Cette digression vise surtout à souligner la difficulté des comparaisons chiffrées. Mais le rapport nous confirme également la structure très différente des dépenses de formation au Royaume-Uni : la place de la formation en interne y est largement plus importante. Sur ce point, toutes les données convergent. L’enquête CVTS (2010) distingue le Royaume-Uni comme le pays dans lequel les frais d’achat de formation directs occupent la part la plus réduite de la dépense totale ; et les employeurs britanniques consacrent 38% de leur dépense de formation à payer des formateurs internes (29% en France).

 

Le système britannique de formation continue apparaît donc largement décentralisé, peu régulé, et centré sur les besoins de l’entreprise.
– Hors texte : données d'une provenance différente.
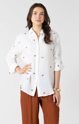 Chemise blanche texturée avec mini fleurs blanches et feuillages verts.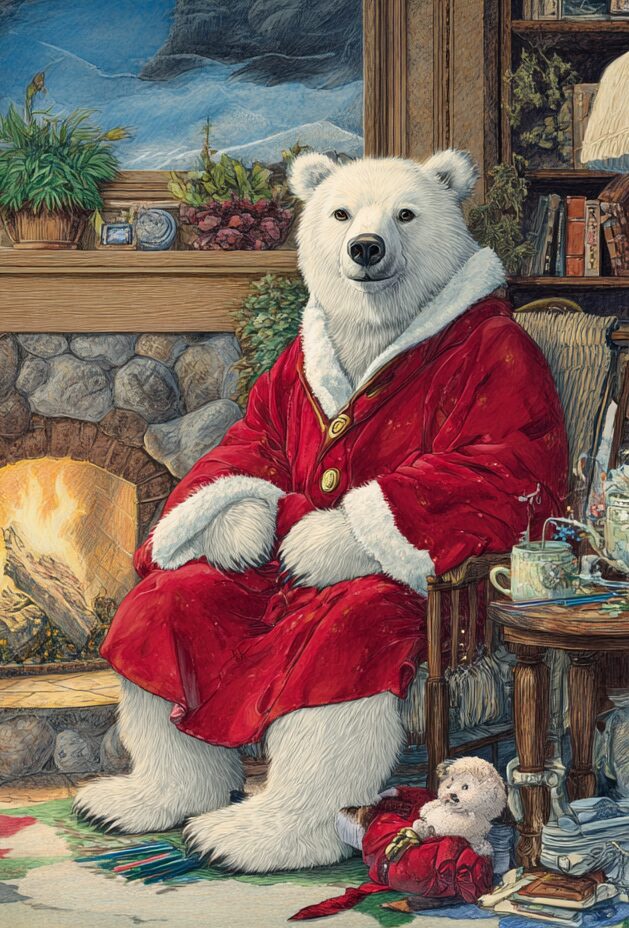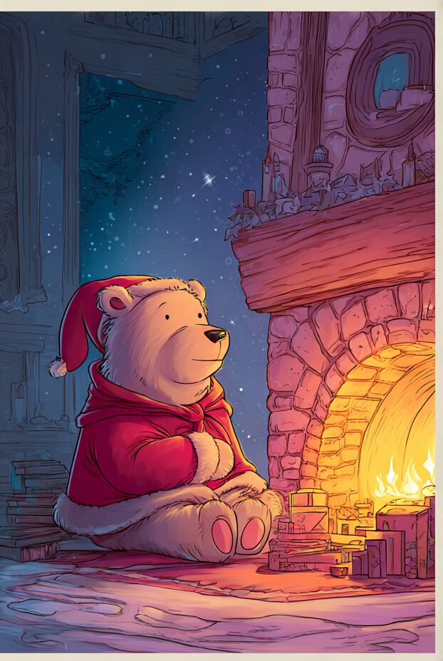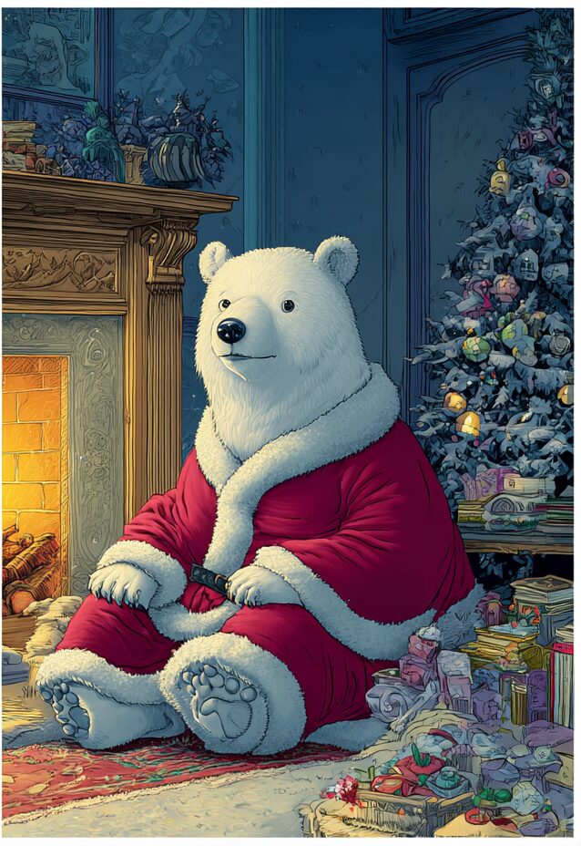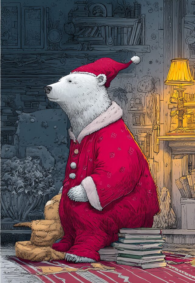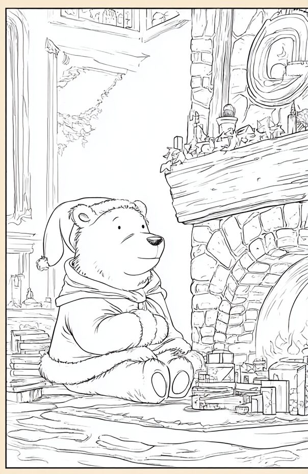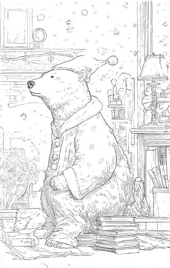 無料塗り絵:クリスマスを待っているクマ(大人の塗り絵)

Les salariés britanniques, selon le baromètre Cegos, semblent apprécier leur système de formation : 47% s’en disaient « très satisfaits » en 2012, le plus haut score des 6 pays sondés. Et même si les écarts ne sont pas très importants, ils sont les plus nombreux (91%) à se considérer comme bien informés, et les plus satisfaits de la politique formation de leur entreprise. On se situe, il est vrai, dans un pays où la relation au travail et à l’entreprise est assez différente de ce qu’elle est en France, ou même sur le continent.